ГЛАВА 24

Ночью мне приснился кошмар: король Генрих в птичьем обличье налетал на меня во время прогулки вдоль озера, черная тень накрывала меня, острые когти впивались в кожу и рвали с треском одежду. Окровавленная, я кричала от страха и бежала из последних сил к замку, теряя сознание от боли.

Возле моста меня встречала Валери, та женщина, которую я навестила однажды. Я бросилась к ней с мольбой защитить меня, она протянула хлебные крошки, чтобы я отдала их королю. В ужасе я поняла, что она не поможет, в этот момент коготь птицы прошил мне насквозь в грудную клетку и вылез спереди. Дыхание прервалось, сердце остановилось…

Я проснулась вся в поту, закричала от страха. Видимо, вопль был такой сильный, что ко мне ворвались из одной двери Нисия и стража, а из другой внезапно вбежал в спальню король.

Генрих приложил руку к моему лбу, я отшатнулась, такой холодной была его ладонь.

- Срочно за лекарем! – рявкнул король стражникам.

Те выскочили за двери комнаты одновременно, еле протиснувшись в проеме. Я испуганно отодвигалась от короля: злым я его видела очень редко, и это было страшное зрелище.

- Оботри ее, - сухо бросил он Нисии, которая топталась возле моей постели в нерешительности. – Сделай отвар, принеси попить, живее.

Он попытался уложить меня, но его прикосновения были болезненными. Я со стоном отодвигалась.

Иногда перед глазами вдруг все плыло, лицо Нисии менялось на Катино, я начинала реветь от любви к ней и пыталась объяснить, почему меня так долго не было и куда я пропала. Иногда склонялся Миша, я тянулась к нему с любовью, но потом он превращался в Генриха, и я отшатывалась и падала на подушки.

Потом вдруг появился третий человек. Худой, с вытянутым лицом и большим крючковатым носом на морщинистом лице.

- Она простудилась, ваше величество, не волнуйтесь. Жар спадет к утру, идите спать. Я приготовлю примочки и отвары, буду здесь всю ночь.
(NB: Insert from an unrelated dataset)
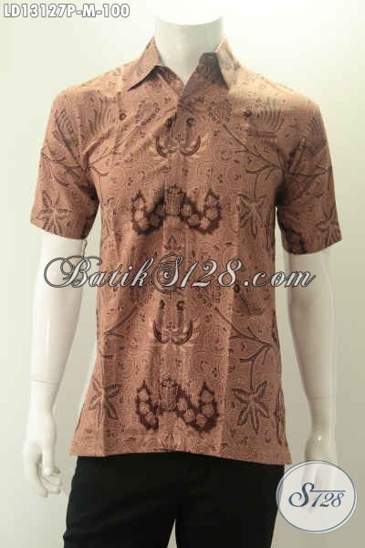 Kemeja Batik Keren Buatan Solo Asli, Baju Batik Pria Model Lengan Pendek Halus Motif Kekinian Jenis Print, Menunjang Penampilan Lebih Gaya [LD13127P-M]

- Хорошо, - Генрих, чьи черты лица постоянно переходили в Мишины, поднялся.

- Не уходи, - я схватила Мишу за руку. – Прошу тебя… останься... мне так плохо без тебя…

Миша стиснул мои пальцы и крепко поцеловал руку. Почему-то при этом мой всегда гладко выбритый жених защекотал очень чувствительную от жара кожу бородой.

- Хорошо. Я останусь.

- Я так люблю тебя! Так люблю! – горячо шептала я, боясь отпустить его ладонь. – Прошу, сядь поближе, Миша. Ты не представляешь, что мне пришлось пережить. Как хорошо, что все позади. Я так скучала по тебе, - слезы лились и были еще горячее, чем мои щеки. – Я боялась, что больше тебя не увижу.

Миша сел рядом, крепко пожимая мне руку.

- Я здесь, милая. Все хорошо. Поспи. Я побуду с тобой.

От счастья, что он наконец-то со мной, я спокойно выдохнула и закрыла глаза.

Я проснулась, когда кто-то раздвинул шторы в спальне. Приподнялась на локте, удивленно подмечая, что очень слаба. Возле кровати стояли тазы, лежали полотенца, на столике выстроился ряд пустых бокалов. Нисия тревожно вгляделась в мое лицо.

- Как вы, ваше величество?

- Что случилось? – растерянно спросила я.

- Ночью у вас был сильный жар. Мы все испугались не на шутку.

У нее был усталый и сонный вид.

- Ты не спала… бедняжка.

Она присела на постель, взяла меня нежно за руку.

- Королевский лекарь вернется через пару часов, он ушел на рассвете, когда стало понятно, что жар стал спадать. Иногда нам казалось, что вы умираете. Вы бредили, говорили странные вещи. Король объяснил нам, что вы читали книгу накануне про другие миры и воображаете, будто попали туда.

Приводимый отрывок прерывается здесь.